June 24 (Reuters) - A federal judge in San Francisco

ruled late on Monday that Anthropic's use of books without

permission to train its artificial intelligence system was legal

under U.S. copyright law.

Siding with tech companies on a pivotal question for the AI

industry, U.S. District Judge William Alsup said Anthropic made

"fair use" of books by writers Andrea Bartz, Charles Graeber and

Kirk Wallace Johnson to train its Claude large language model.

Alsup also said, however, that Anthropic's copying and storage

of more than 7 million pirated books in a "central library"

infringed the authors' copyrights and was not fair use. The

judge has ordered a trial in December to determine how much

Anthropic owes for the infringement.

U.S. copyright law says that willful copyright infringement

can justify statutory damages of up to $150,000 per work.

Spokespeople for Anthropic did not immediately respond to a

request for comment on the ruling on Tuesday.

The writers filed the proposed class action against Anthropic

last year, arguing that the company, which is backed by Amazon ( AMZN )

and Alphabet, used pirated versions of their

books without permission or compensation to teach Claude to

respond to human prompts.

The proposed class action is one of several lawsuits brought

by authors, news outlets and other copyright owners against

companies including OpenAI, Microsoft ( MSFT ) and Meta

Platforms ( META ) over their AI training.

The doctrine of fair use allows the use of copyrighted works

without the copyright owner's permission in some circumstances.

Fair use is a key legal defense for the tech companies, and

Alsup's decision is the first to address it in the context of

generative AI.

AI companies argue their systems make fair use of copyrighted

material to create new, transformative content, and that being

forced to pay copyright holders for their work could hamstring

the burgeoning AI industry.

Anthropic told the court that it made fair use of the books and

that U.S. copyright law "not only allows, but encourages" its AI

training because it promotes human creativity.
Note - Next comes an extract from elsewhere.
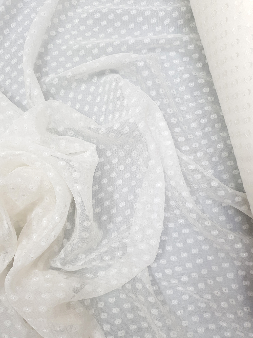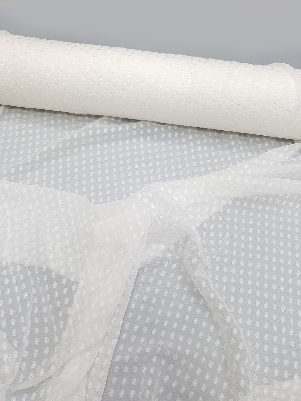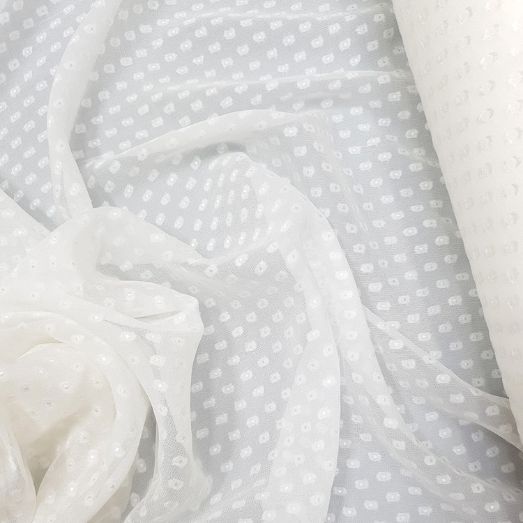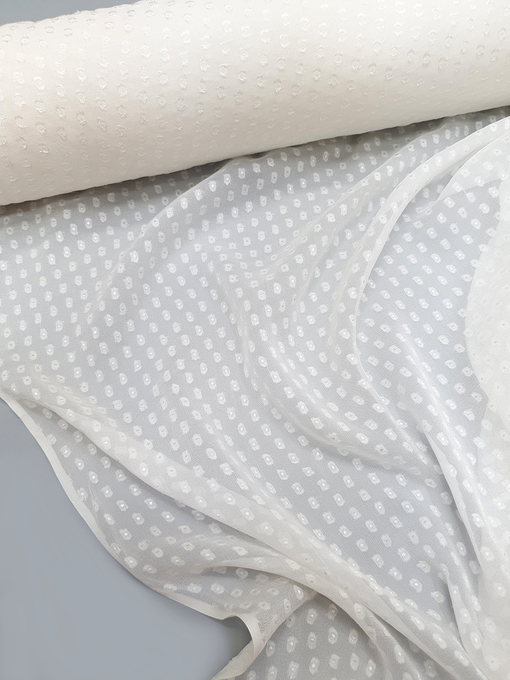 조세트쉬폰 마닥에 작은 도트무늬를 제직한 실크 쉬폰 원단입니다.

The company said

its system copied the books to "study Plaintiffs' writing,

extract uncopyrightable information from it, and use what it

learned to create revolutionary technology."

Copyright owners say that AI companies are unlawfully

copying their work to generate competing content that threatens

their livelihoods.

Alsup agreed with Anthropic on Monday that its training was

"exceedingly transformative."

"Like any reader aspiring to be a writer, Anthropic's LLMs

trained upon works not to race ahead and replicate or supplant

them - but to turn a hard corner and create something

different," Alsup said.

Alsup also said, however, that Anthropic violated the

authors' rights by saving pirated copies of their books as part

of a "central library of all the books in the world" that would

not necessarily be used for AI training.

Anthropic and other prominent AI companies including OpenAI and

Meta Platforms ( META ) have been accused of downloading pirated digital

copies of millions of books to train their systems.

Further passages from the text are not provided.